В тот момент Антонию следовало бы атаковать неприятеля. Но он этого не сделал. Что ему помешало, мы не знаем.

Может быть, между ним и Клеопатрой произошла очередная бурная сцена, одна из тех бесконечных ссор, которые случались после каждой их встречи и неизменно следовали одному и тому же сценарию: Антоний, под воздействием внезапного порыва — обусловленного, несомненно, и его инстинктом солдата, и жизненным опытом, — вновь ощущает себя римлянином, с картинной воинственностью драпируется в свой императорский плащ и во всеуслышание объявляет, что выступает в поход (тем самым отстраняя Клеопатру от участия в дальнейших событиях). Царица столь же внезапно мобилизует все свои ресурсы трагической актрисы и начинает разыгрывать из себя Федру, Медею, Клитемнестру, Кассандру, Электру, покинутую Ариадну. Крики, слезы, заверения в неминуемой скорой смерти царицы — затем, столь же неизбежно, следуют умелые маневры ее друзей и контрманевры офицеров Антония; Антоний начинает сомневаться, сожалеет о своей грубости, боится потерять царицу, вспоминает их общее счастливое прошлое. И тут члены кружка «неподражаемых», его товарищи по пирушкам, в свою очередь, подхватывают трагические жалобы якобы отвергнутой царицы. Антоний по-прежнему отстаивает свою точку зрения. В переговоры с ним вступают самые хитроумные из друзей царицы; он их выслушивает, спорит с ними, защищается. Но эти люди — александрийцы, никто не способен перещеголять их в искусстве запутанных софистических рассуждений. Антоний не может не признать убедительности их аргументов и в конце концов уступает. Он никуда не уедет, останется с Клеопатрой — тем более что, пока длился этот фарс, благоприятная возможность была упущена.

* * *

Разумеется, Октавиан воспользовался нерасторопностью своего врага. Он собрал налоги, выжал из населения все, что смог. Начались волнения, которые он подавил самым элементарным способом: быстро и щедро расплатился со своими солдатами, и те без труда урезонили возмутившийся было народ.

Римляне смирились, им даже понравилось, как решительно Октавиан восстановил спокойствие, они признали в нем поборника порядка, человека, чья жесткость оправдана благой целью: ведь он хочет возродить обычаи предков, вернуться к Риму изначальных времен. И потом, разве он не собирается выгнать из Города всех звездочетов, приехавших с Востока?

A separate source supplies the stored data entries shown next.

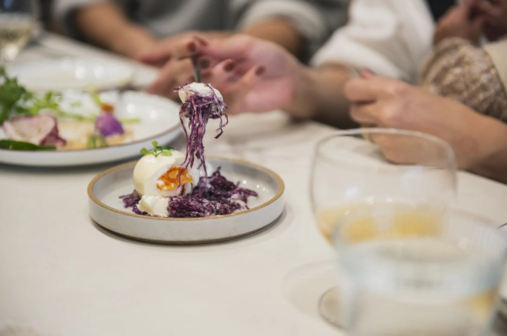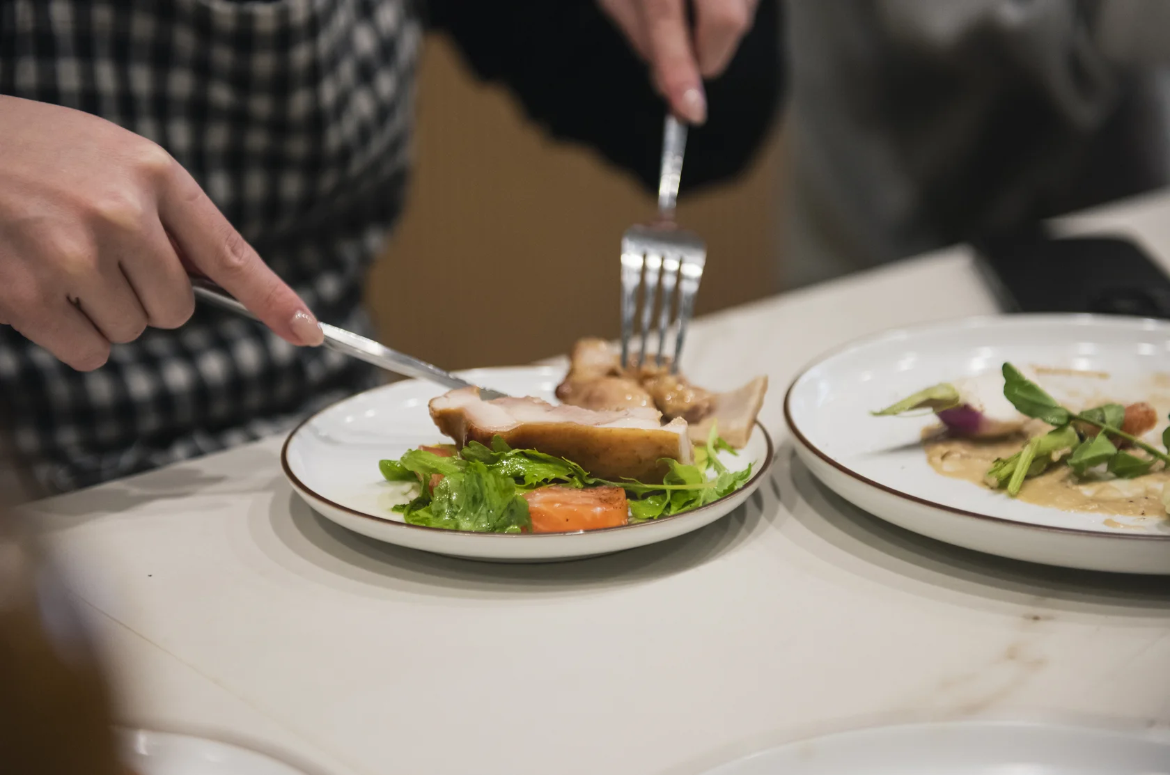 4品が揃うと、テーブルは一気に華やいだ空気に。フォークとナイフを手に取り、思い思いの料理に手を伸ばす参加者の方たち。
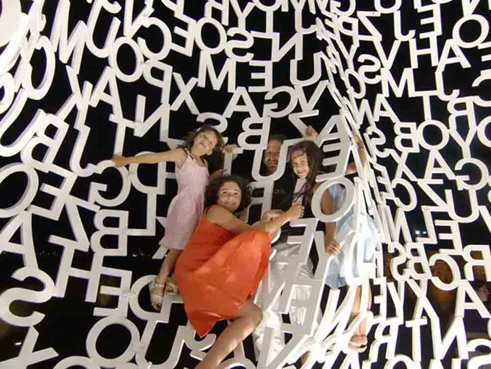 Sur cette image, un père et ses trois filles jouent sur un rideau de lettres. Cette image très symbolique évoque la liberté d’expression artistique et corporelle engendrée par la non scolarisation. De ces visages souriants et corps en mouvement se dégagent une sensation de bien être.
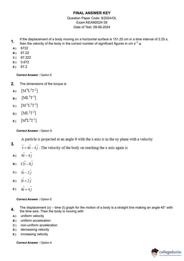 | KEAM 2024 (June 9) Question Paper with Answer Key | Check Solution |
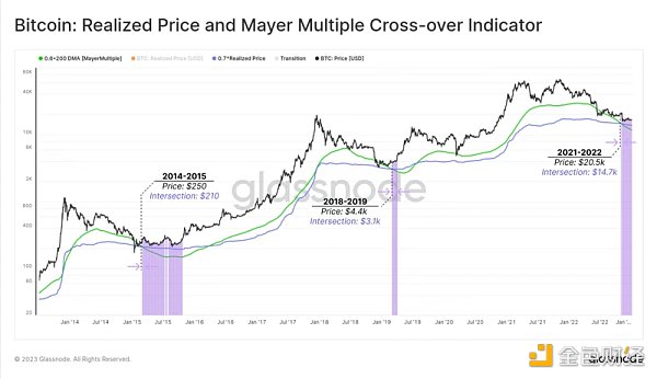 指标:从历史数据上看,实现价格* 0.7 和 200 D-SMA * 0.6 定价模型之间的交集发生在深熊阶段。这是由于投资者堆积导致链上交易量加权实现价格稳定的结果, 200-DMA(200 天的平均差指标)而未加权 200-DMA(200 天的平均差指标)由于宏观价格下降趋势而继续下降。
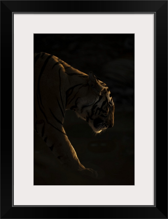 <p>Male Bengal tiger (Panthera tigris tigris) walks in darkness, lit by the setting sun. He has orange and black stripes with white patches on the head. Shot in Bandhavgarh National Park, India; Madhya Pradesh, India</p>
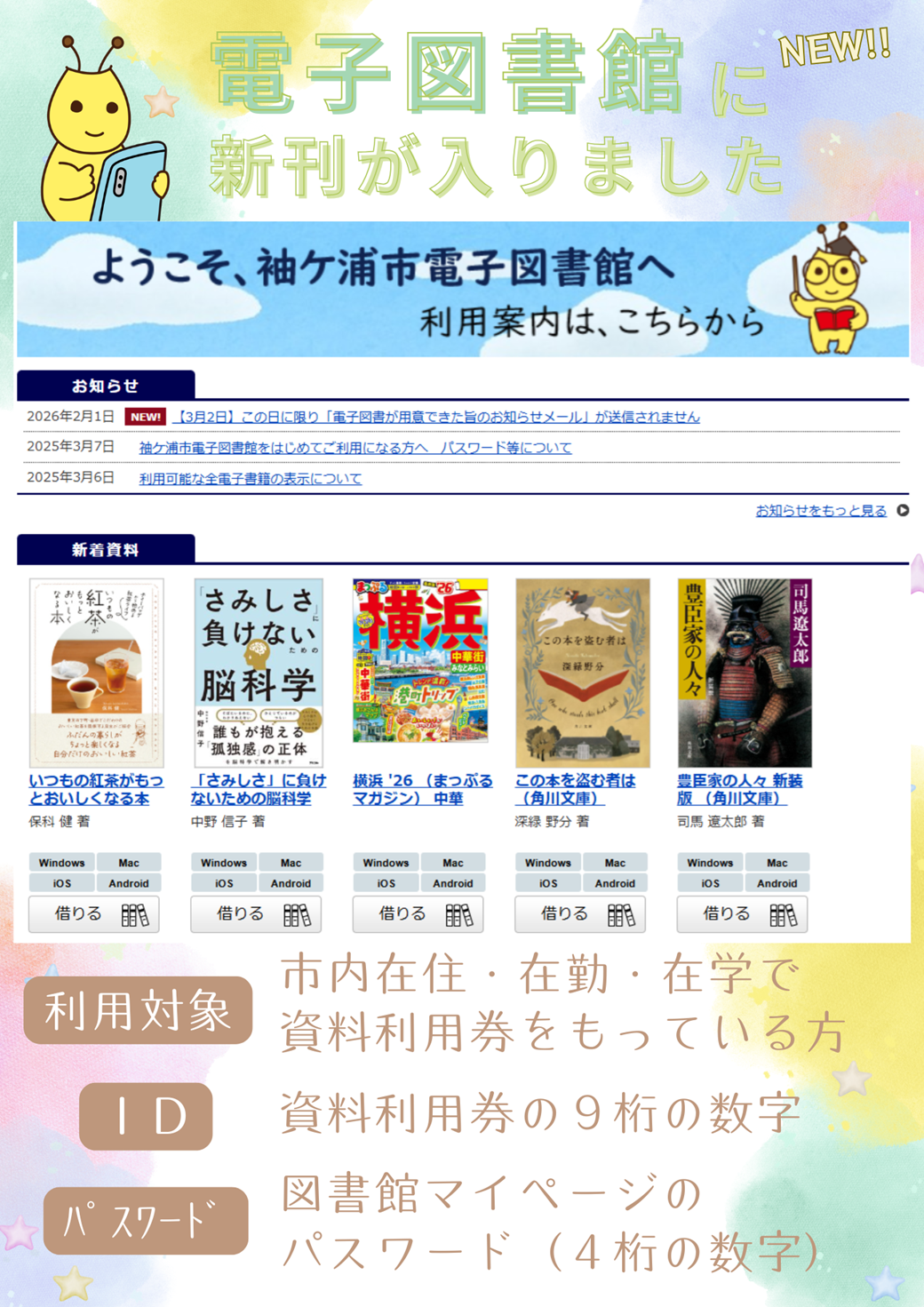 袖ケ浦市電子図書館に2月1日から新たに21コンテンツを追加しました。 ぜひご利用ください。 3月にも新たなコンテンツを追加予定です。
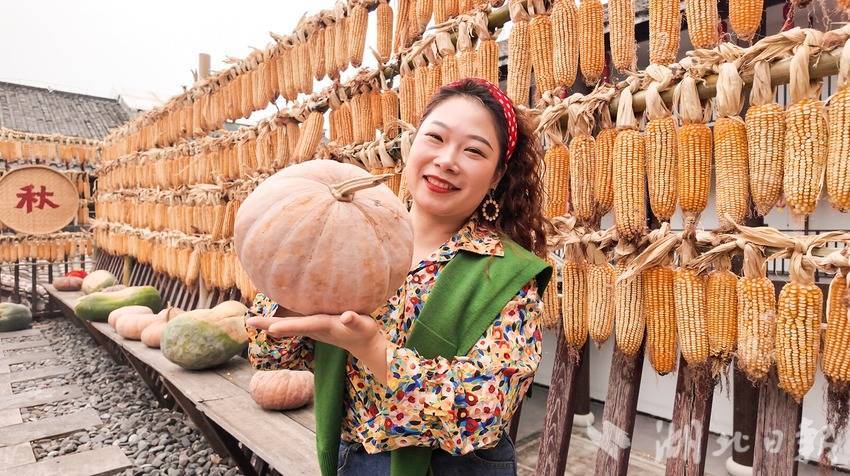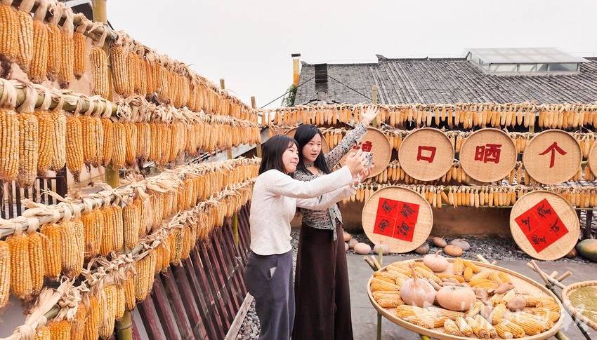 10月15日,走进该度假区喜悦酒店,庭院角落的晒秋景致格外惹眼:木质晒盘层层叠叠,搭起错落有致的“观景台”,金灿灿的玉米、红彤彤的辣椒、黄澄澄的南瓜整齐摆放,一幅生动的秋收图景跃然眼前。几位游客正举着手机,俯身、侧首,精心寻找最佳角度,将这份浓郁的秋意收入镜头。
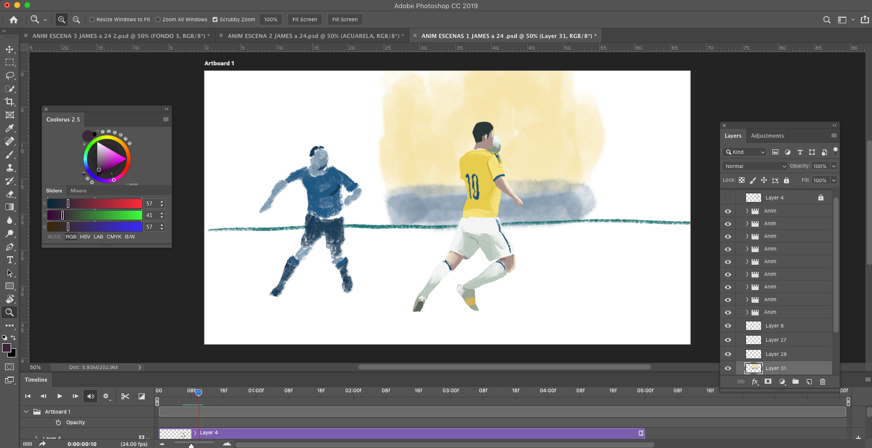 Project collaboration done with animator (Ivan Casal) first commercial rotoscope done frame by frame on Adobe Photoshop
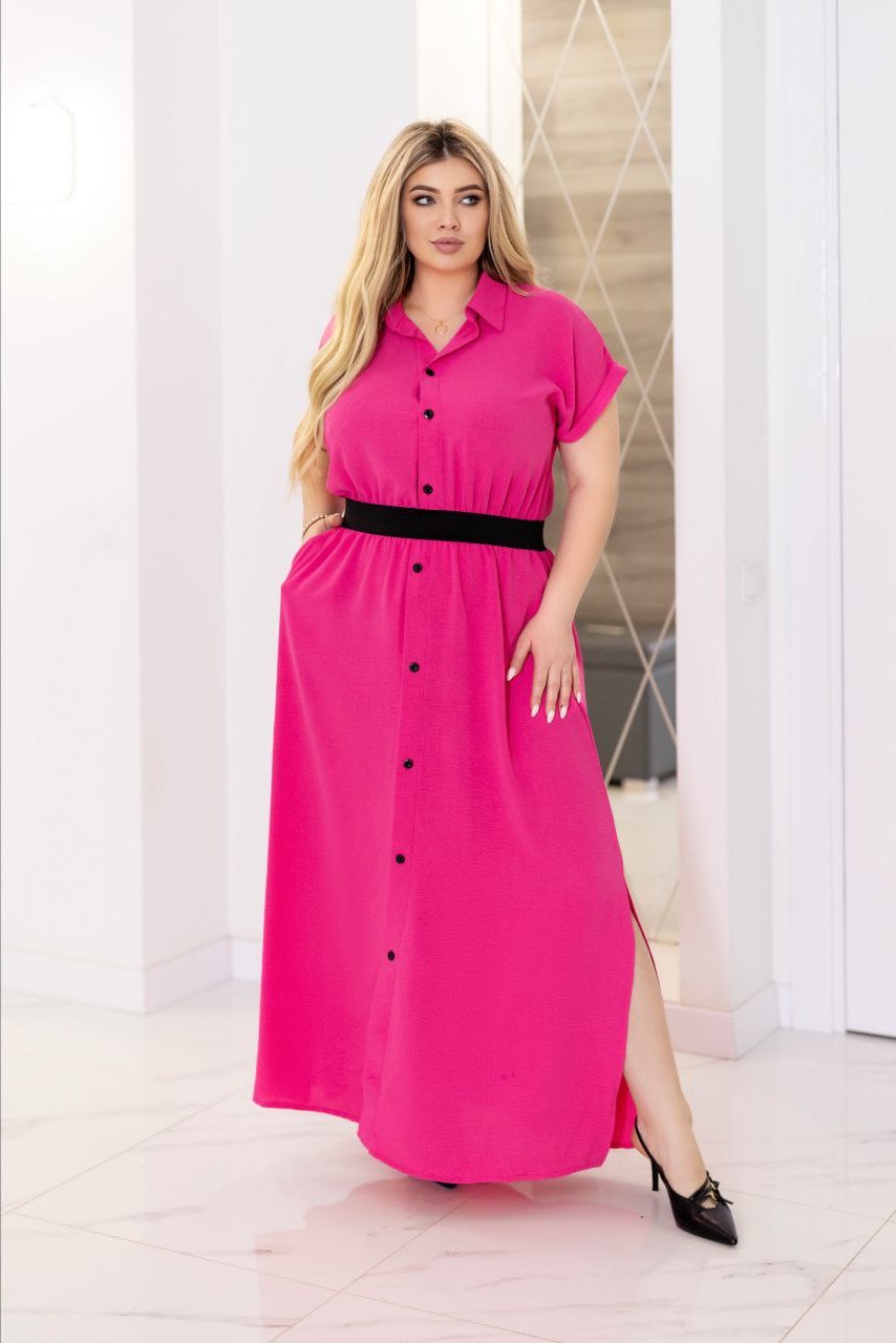 Легкое платье длиной макси со спущенным плечом+по талии эластичный пояс-резинка малина
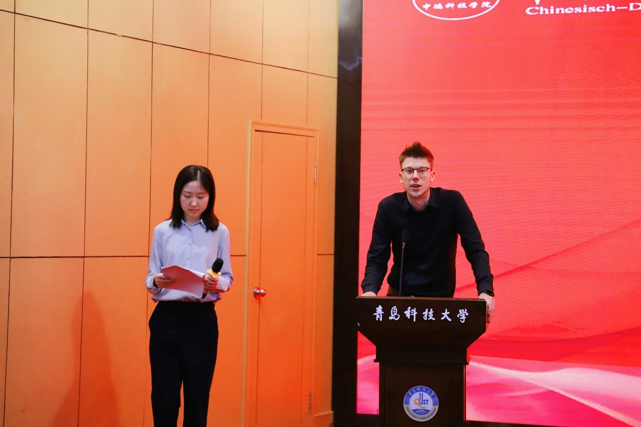 德方代表Dennis Hambach表达了对学院全体师生的赞美和祝福,并期待双方持续开展密切合作。他指出,同学们肩负着利用科学知识与创新理念改造世界的责任,希望同学们通过在国外的学习,深入了解德国文化,探索新事物,结交新朋友。
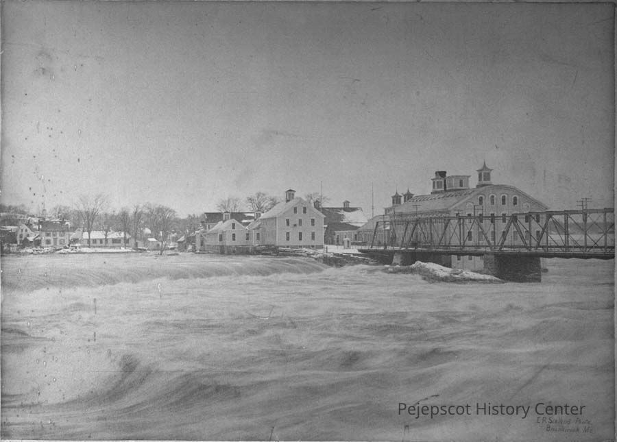 Great freshet on the Androscoggin River. View of FJ Wood bridge with the Pejepscot mill behind to the left. Other Main Street Buildings in Topsham further left. Photo not dated. Starbird photo. Mounted 70.5cm x 54cm; photo 56.5cm x 40.8cm
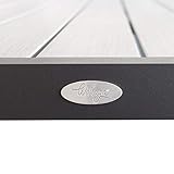 Der Wohaga Gartentisch besteht aus einem schwarzen Aluminiumrahmen mit einer silbergrauen Polywood-Tischplatte, wodurch er sich hervorragend für den Einsatz im Outdoorbereich eignet, Polywood ist ein Kunstoff ähnliches Material mit Holzprägung, welches keine zeitaufwändige Pflege benötigt und…
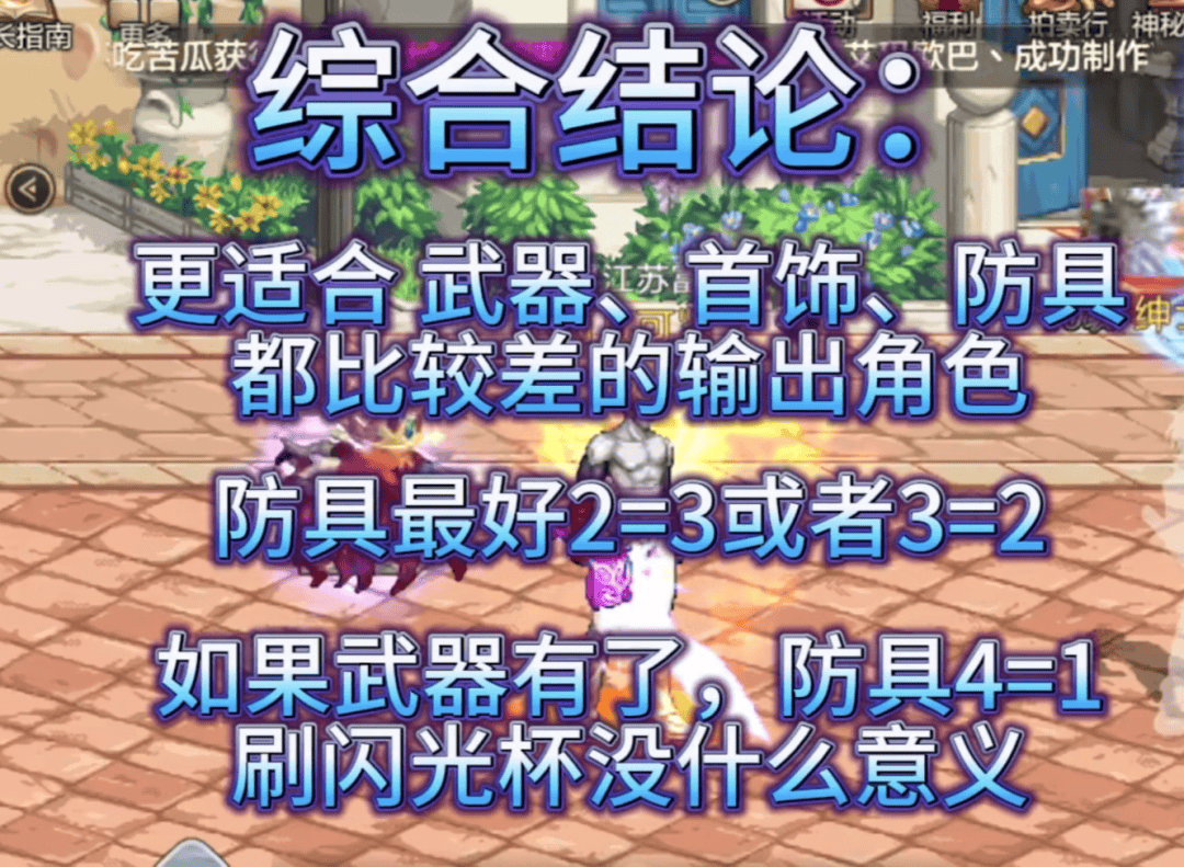 综上所述,就是闪光杯更适合武器首饰防具都比较差的输出角色,防具最好是二缺三或者是三缺二,如果说你武器已经有了,防具是四等一那么刷闪光杯基本没什么意义,找出你缺的那件装备就相当于是大海捞针,所以说就是距离毕业越近越不应该去刷闪光杯,因为你刷了也基本上不会有任何的提升,四等一的还不如去刷普通的深渊,用碎片的方式给制作出来。

Октавиан, почувствовав, что его усилия увенчались успехом, решил заняться обработкой общественного мнения, незаметно настроить людей так, чтобы в должный срок они безропотно приняли весть о физическом уничтожении Антония. Между августом и октябрем он распространит на всю Италию клеветническую кампанию, которая так удачно прошла здесь, в Риме.

И вот, в течение нескольких недель, пока собираются его легионы, он переезжает из города в город, неутомимо возглашая во всех общественных местах, что царица Египта, опираясь на помощь Антония, которого она превратила в своего раба, намеревается утвердиться на Капитолии, построить для себя дворец на месте храма Юпитера и установить в Италии худшую из возможных тираний — тиранию женщины.

В каждом городе при одном упоминании слова regina толпами людей овладевает смятение. И тогда Октавиан перестает их пугать и требует, чтобы они принесли ему клятву верности ввиду предстоящей битвы. И повсюду происходит одна и та же сцена: охваченные страхом люди клянутся, что будут сражаться на его стороне.

* * *

В этот момент, как кажется, и выходят на сцену два персонажа, которых одних только не хватало, чтобы завязка трагедии состоялась: два предателя, бывшие члены кружка «неподражаемых», Планк и Титий.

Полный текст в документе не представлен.